The Orange Book: Reclaiming Liberalism
- Author: Paul Marshall and David Laws (editors)
- Language: English
- Subject: Politics, liberalism
- Publisher: Profile Books
- Publication date: 2 September 2004
- Publication place: United Kingdom
- Media type: Print (paperback)
- Pages: 302
- ISBN: 1-86197-797-2
- OCLC: 59265240
- Followed by: Britain After Blair – A Liberal Agenda

= The Orange Book =

Book by Paul Marshall and others

The Orange Book: Reclaiming Liberalism is a book written by a group of prominent British Liberal Democrat politicians and edited by David Laws and Paul Marshall in 2004. Three contributors later became leaders of the Liberal Democrats: Nick Clegg, Vince Cable and Ed Davey. Other contributors include Chris Huhne, Susan Kramer, Mark Oaten and Steve Webb. The book's central philosophy, and some of its ideas, are supported by Liberal Reform, an internal group of the Liberal Democrats. It has been compared with The Purple Book: A Progressive Future For Labour, published seven years later by senior members of the UK's Labour Party, who were associated with the governments of Tony Blair and Gordon Brown.

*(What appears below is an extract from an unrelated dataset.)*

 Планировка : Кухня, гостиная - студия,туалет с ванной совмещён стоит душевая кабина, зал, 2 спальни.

The term Orange Bookers refers to those in the party who subscribe to the book's emphasis on greater personal choice and possible market solutions.

In the book, the group offers liberal solutions—often stressing the role of choice and competition—to several societal issues such as public healthcare, pensions, environment, globalization, social and agricultural policy, local government, the European Union and prisons. It is usually seen as the most economically liberal publication that the Liberal Democrats have produced in recent times.

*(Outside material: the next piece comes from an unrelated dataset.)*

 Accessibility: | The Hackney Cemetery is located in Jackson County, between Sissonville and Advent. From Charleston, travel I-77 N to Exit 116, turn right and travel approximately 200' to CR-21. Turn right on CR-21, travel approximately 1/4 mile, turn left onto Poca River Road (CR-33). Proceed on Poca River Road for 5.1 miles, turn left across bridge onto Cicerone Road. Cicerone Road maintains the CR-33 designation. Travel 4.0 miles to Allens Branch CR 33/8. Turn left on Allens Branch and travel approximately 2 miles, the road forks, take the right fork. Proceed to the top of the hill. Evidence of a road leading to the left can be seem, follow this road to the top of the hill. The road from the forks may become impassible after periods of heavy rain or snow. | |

== Chapters and contributors ==
- "Reclaiming Liberalism: a liberal agenda for the Liberal Democrats" – David Laws
- "Liberalism and localism" – Ed Davey
- "Europe: a Liberal future" – Nick Clegg
- "Global governance, legitimacy and renewal" – Chris Huhne
- "Liberal economics and social justice" – Vince Cable
- "Harnessing the market to achieve environmental goals" – Susan Kramer
- "UK health services: a liberal agenda for reform" – David Laws
- "Tough Liberalism: a liberal approach to cutting crime" – Mark Oaten
- "Children, the family and the state: a liberal agenda" – Steve Webb and Jo Holland
- "Pension reform: a settlement for a new century" – Paul Marshall

== Ideology ==

Orange Book liberalism is a classical liberal ideology, mostly within the Liberal Democrats, which seeks to balance the four main strands of liberal thought—social liberalism, economic liberalism, cultural liberalism and political liberalism. Orange Book liberalism is represented within the Liberal Democrats by the pressure group Liberal Reform.

"Orange Booker" is now a well-used term for identifying Liberal Democrats who adhere more strongly to economic and personal liberal principles, compared to those who more strongly identify with centre-left beliefs such as members of the Social Liberal Forum or the Beveridge Group. Many Orange Bookers were prominent figures in the 2010–2015 Conservative/Liberal Democrat coalition government, such as former Deputy Prime Minister Sir Nick Clegg and Chris Huhne, former Energy Secretary, and current leader Sir Ed Davey. While the leader of the Liberal Democrats in the 2000s, Charles Kennedy is less associated with the Orange Book, and in turn the 2010–2015 Conservative/Liberal Democrat coalition government.

== Reception ==
Six years following the book's publication, the Liberal Democrats joined with the Conservatives to form a coalition government. Of the nine authors of the book who were elected MPs, one (Mark Oaten) resigned before the 2010 election, one (Chris Huhne) resigned in 2013 having been in the cabinet, and the remaining seven were all members of the government in 2015. Edward Stourton from the BBC radio show Analysis argued that the Orange Book movement within the Liberal Democrats was important in the founding of the coalition government with the Conservatives. Conservative MP David Davis found a number of "areas of overlap" between Conservative policies and the views of the book authors.

Historian and Labour politician Tristram Hunt said that the Orange Book debate was a revival of the debates in liberal circles between the classical liberalism of William Gladstone and politicians like David Lloyd George.

Richard Grayson, a member of the Social Liberal Forum, said that such Gladstonian liberalism was replaced in the early 20th century with a commitment to the welfare state because of the work of Thomas Hill Green, Leonard Hobhouse and the economist John A. Hobson; therefore, The Orange Book writers were seeking to overturn nearly a century of Liberal party history.